◆ Exercise objective: The pictures in the listing below are to be skipped, while the lines between the line holding "Мойка Omoikiri Akisame" and the line holding "Finally, around 10", inclusive, are to be output exactly.

[Start of section]

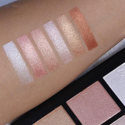 6-COLOR HIGHLIGHTER PALETTE: This professional highlighter palette features 6 richly pigmented shades suitable for face, body, and eye highlighting.The ultra-fine powder blends seamlessly for a natural, radiant glow.
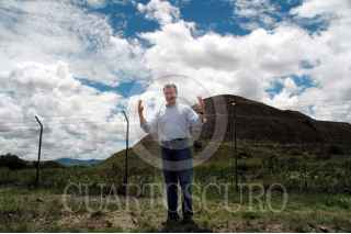 SAN MARTIN DE LAS PIRAMIDES, EDO MEX 21AGOSTO2005.-El precandidato panista a la presidencia de la república, Santiago Creel visitó San Martín de las Pirámides, población aledaña a las pirámides de Teotihuacan (atrás). FOTO: Ignacio González/CUARTOSCURO.COM
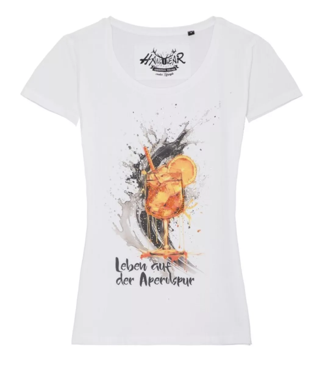 Lust auf ein Leben auf der Aperolspur? Damen Statement Shirt, Lady Cut aus Baumwolle und mit viel Bling Bling.
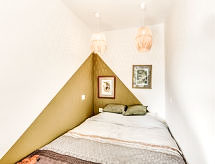 1-Zimmer-Wohnung 28 m2 im 1. Stock. Renoviert im Jahre 2017, schön eingerichtet: Wohn-/Esszimmer mit Panoramafenster mit 1 franz. Bett (1 x 140 cm, Länge 190 cm), TV (Flachbildschirm), Klimaanlage und elektrischem Rollladen. Ausgang zur Terrasse. Offene Küche (Backofen, 3 Induktionskochplatten, Toaster, Wasserkocher, Mikrowelle, elektrische Kaffeemaschine). Dusche/WC. Terrasse 6 m2. Terrassenmöbel. Zur Verfügung: Haartrockner. Internet (Wireless LAN, gratis). Parkplatz Nr. 15. Bitte beachten: Kühlschrank ohne Gefrierfach. TV nur FR. Rauchmelder. Residenz. Mit eingezäuntem Grundstück. Eine Terrasse ist vorhanden. Es hat ein Babybett. Informieren Sie sich im über den vorhandenen TV Apparat. Ob lokale Neuigkeiten oder internationale Nachrichten, mit dem Fernsehen sind sie stehts gut informiert.- Charakteristik des Mietobjekts
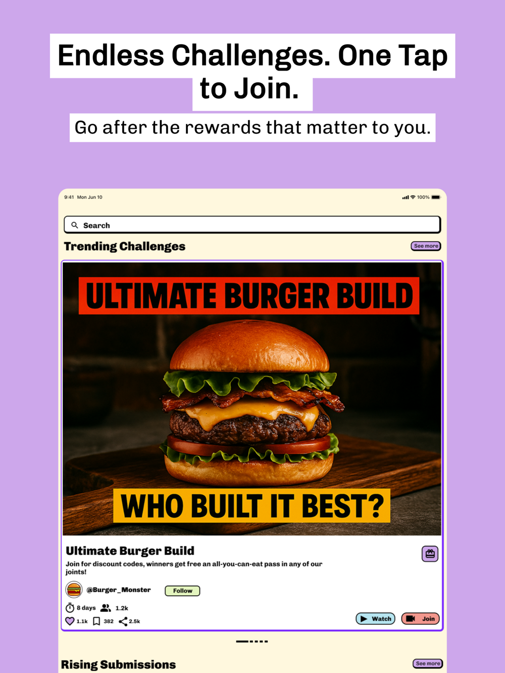 1. Join a Challenge - Want to dance, cook, do a trick shot, or show off a cool skill? Pick a challenge and upload your short clip.
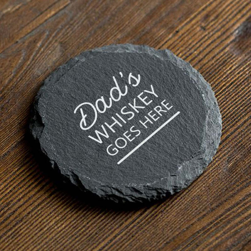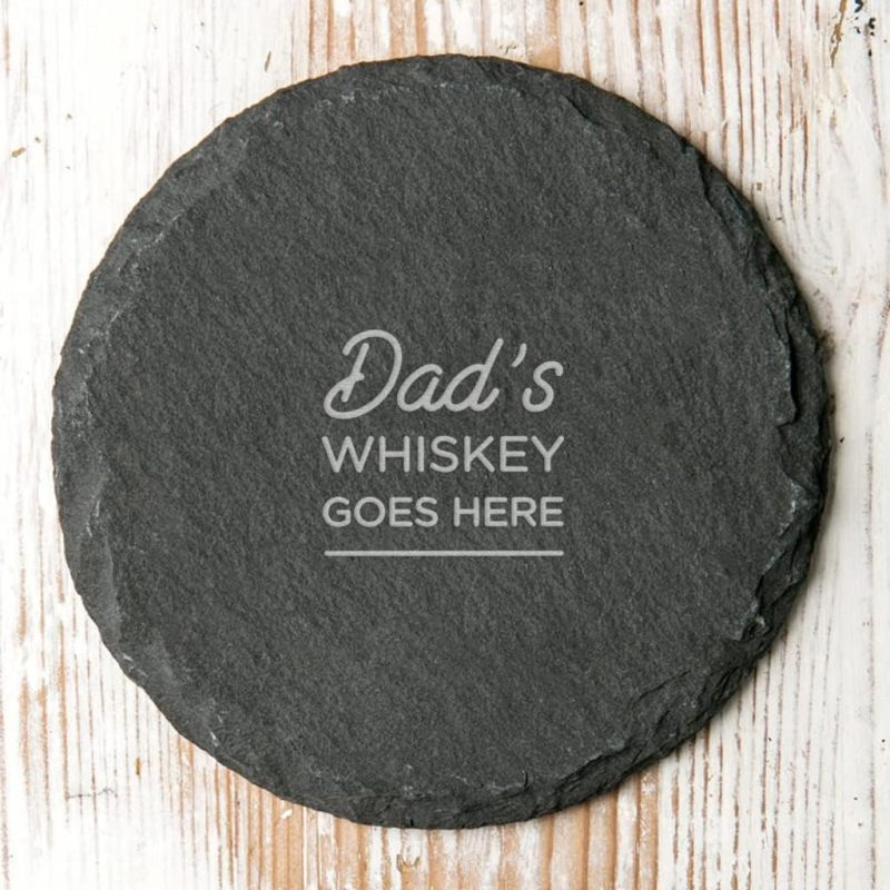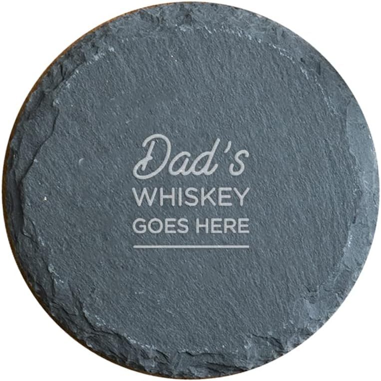 Engraved Slate Coaster for Dad Dad's Whiskey Goes Here - Funny for Dad from Daughter Son - Unique Dad Whisky Gift
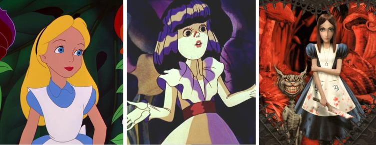 Вообще же спектр изображений героини Кэрролла весьма широк — от миленькой блондиночки с котёнком из диснеевского мультфильма до готичной брюнетки с окровавленным ножом из компьютерной игры «American McGee’s Alice».
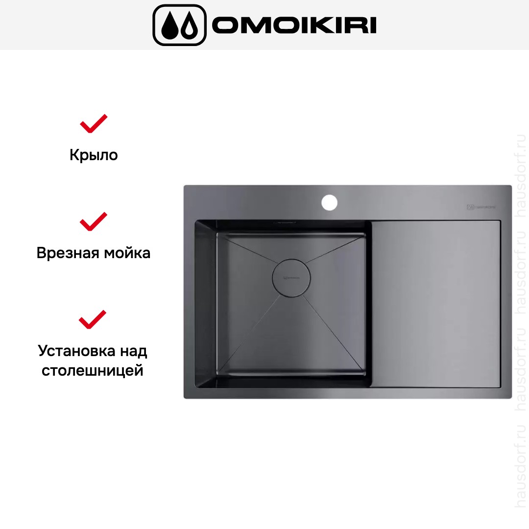 Мойка Omoikiri Akisame 78 GM L крыло справа в Краснодаре
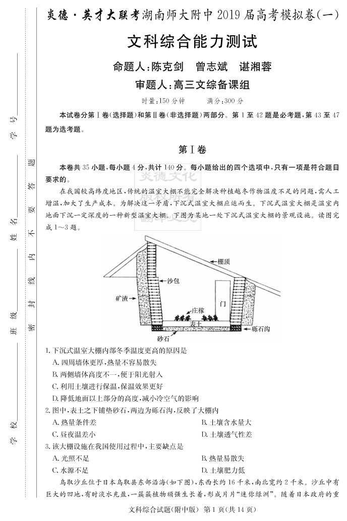 2025長郡中學新高考考前小題沖刺訓練·地理
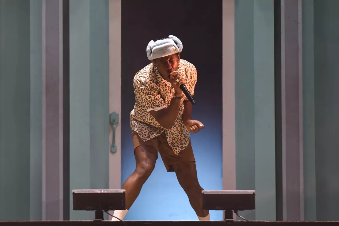 Finally, around 10 p.m., they were rewarded with Tyler slowly rising out of the stage in the backseat of an aqua-hued replica of a 1939 Rolls Royce. He spat lyrics from his newish track “Sir Baudelaire,” asking everyone, “Y’all ready?” They certainly were, as literal fireworks went off from the rafters and the façade of a two-story country house was revealed as the backdrop.
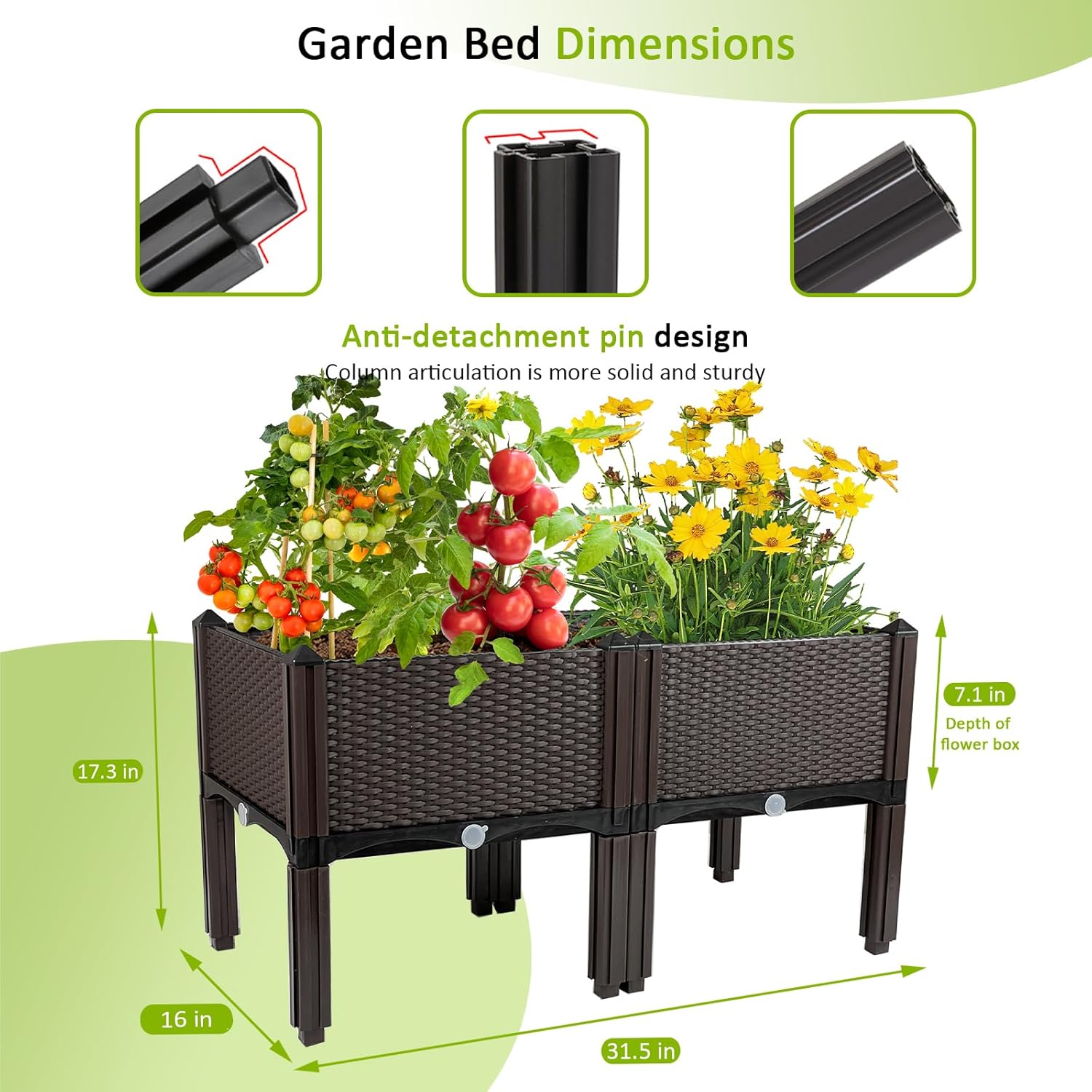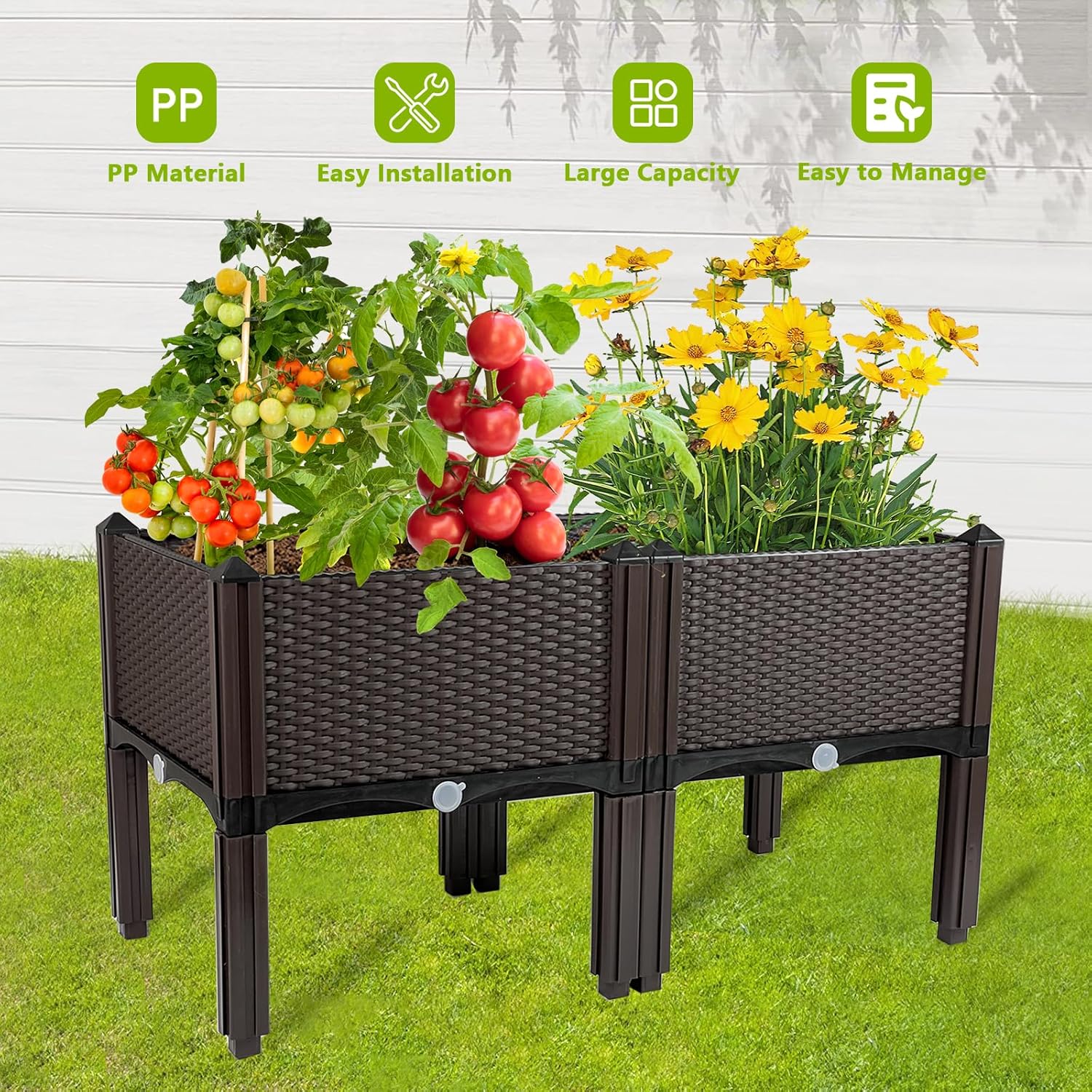 • 🌻【Durable Outdoor Growth Box】Our elevated planter boxes are made of reinforced PP material with a rattan pattern that is lightweight, high load bearing and reusable.

[End of section]

◆ Expected output:
 Мойка Omoikiri Akisame 78 GM L крыло справа в Краснодаре
 2025長郡中學新高考考前小題沖刺訓練·地理
 Finally, around 10 p.m., they were rewarded with Tyler slowly rising out of the stage in the backseat of an aqua-hued replica of a 1939 Rolls Royce. He spat lyrics from his newish track “Sir Baudelaire,” asking everyone, “Y’all ready?” They certainly were, as literal fireworks went off from the rafters and the façade of a two-story country house was revealed as the backdrop.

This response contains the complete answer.